If I read it correctly in the linked website I did not find an EPA endorsement of this product, nor testing data for emissions. It indicates that the EPA in 1992 determined that this was too small an industry to note and therefore is not regulating burners under 500K Btus that burn off-specification oil. They seem to sidestep the issue of heavy metals in the emissions completely in these burners, which would be my main concern. I can dig being frugal and using these in a rural environment on a limited basis is probably fine. But I would not encourage their widespread usage in urban areas.


----------



## bogydave (Jan 26, 2011)

You are right, it don't cover the epa certifications process. Didn't mean it to.
Just one link, I found, for referencing waste oil burning.
Recycled oil, not waste oil in today's language may be more accurate.

Slamming a guy for burning used engine oil, just didn't sound right to me.  Sorry.

We Alaskans burn oil. That's bad

Thank you Hogwildz

In my old non-cat stove, I would burn  wood scraps, cardboard & paper. Not good for the cat stove I have now. 
Many with out cat stove, burn various burnables  successfully & get good heat out put.
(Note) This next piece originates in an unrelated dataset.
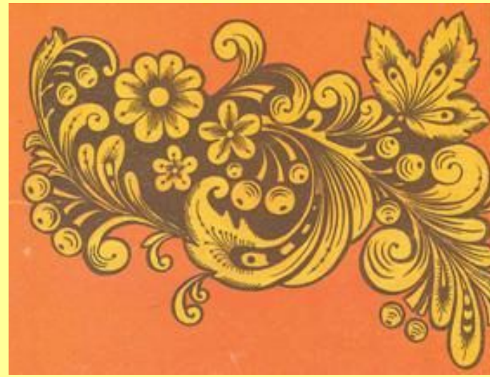
Рисунок "кудрина" является разновидностью росписи "под фон". Для него также характерны золотые силуэты, окруженные цветным фоном, в основном красным или черным. Этот орнамент отличается своеобразным узором, в котором рисунок листьев, цветов, плодов отличается и составлен из округлых кудреватых завитков.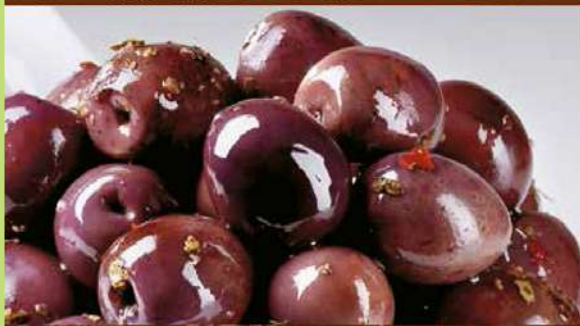
OLIVE NERE MONACALI

The guy who bought my old stove, wanted it so he could.
I do miss small "junk fires" but am happy I upgraded, better efficiency long term. Just have to go the the dump more often.


----------



## littlesmokey (Jan 26, 2011)

The problem with manufactured wood is the binders/glues that are used and the material added to reinforce the wood fibers. Some and soon many landfills will not accept "pressed board and chip board) the rules are out on plywood. What you are doing is releasing carcinogens when you burn these products. Remember the flap over the "Toxic Trailers" used in New Orleans. Landfills are finding the chemicals are leaching out. Some end up in ground water, and back into our daily environments. The really bad thing about packing material is it is not regulated. Skids from overseas made of anything but real hard woods may be full of things that are banned in the US for years. Check out Melamine from China... This may be banned soon from import. This is not the same as "formica counter top material" This is the shiny finish used on all kinds of products from furniture to tableware. This product and heat are deadly. Remember the warning about aircraft fires,,,, get out because breathing the burning air will kill you before the fire gets to you.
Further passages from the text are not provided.